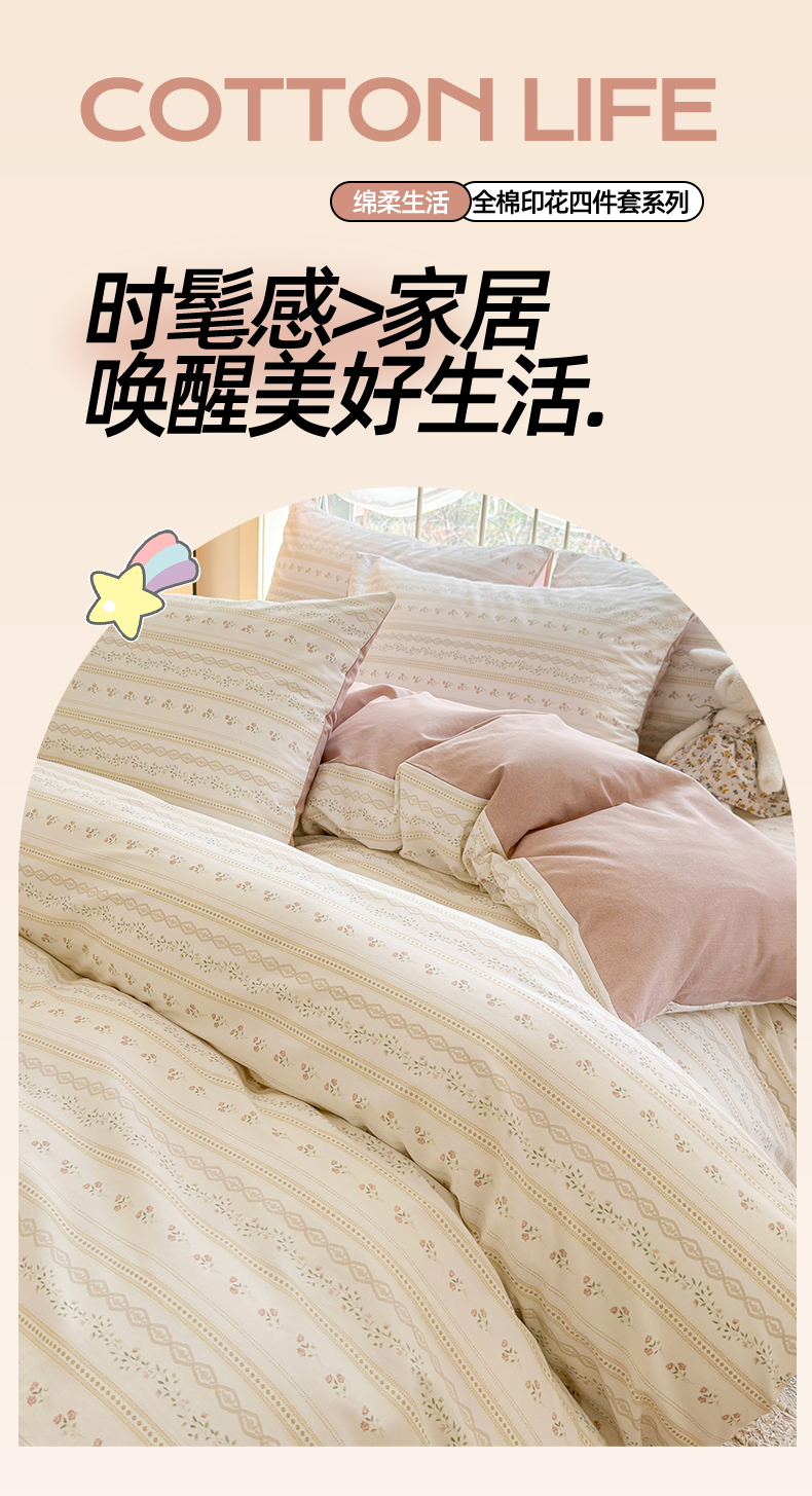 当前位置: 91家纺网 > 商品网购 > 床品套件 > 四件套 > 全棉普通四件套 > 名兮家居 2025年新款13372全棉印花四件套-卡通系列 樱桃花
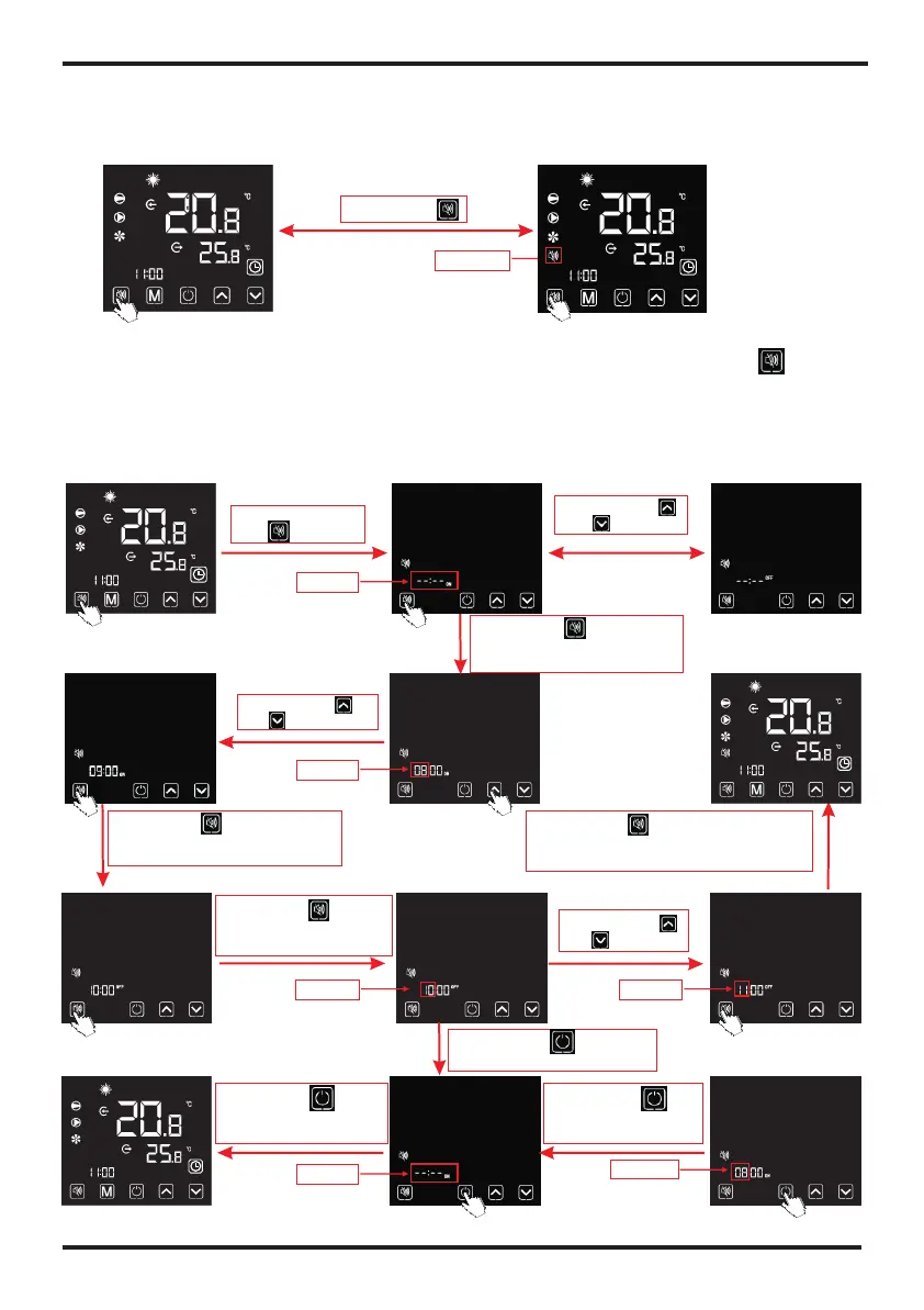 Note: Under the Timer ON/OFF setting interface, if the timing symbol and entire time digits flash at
* * *
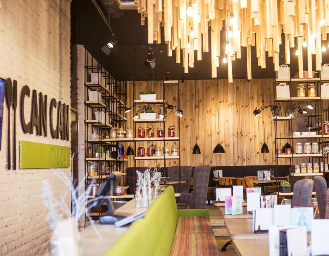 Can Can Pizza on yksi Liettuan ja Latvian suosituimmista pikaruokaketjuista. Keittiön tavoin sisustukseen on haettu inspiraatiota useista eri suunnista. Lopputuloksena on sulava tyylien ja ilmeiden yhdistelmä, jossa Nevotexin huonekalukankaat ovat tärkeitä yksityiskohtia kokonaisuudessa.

### WHAT YOU WILL DO
Go back to the listing above and reproduce, exactly, the stretch from the line bearing "当前位置: 91家纺网 >" through the line bearing "Note: Under the", without its pictures.

### WRITTEN RESPONSE
 当前位置: 91家纺网 > 商品网购 > 床品套件 > 四件套 > 全棉普通四件套 > 名兮家居 2025年新款13372全棉印花四件套-卡通系列 樱桃花
 Note: Under the Timer ON/OFF setting interface, if the timing symbol and entire time digits flash at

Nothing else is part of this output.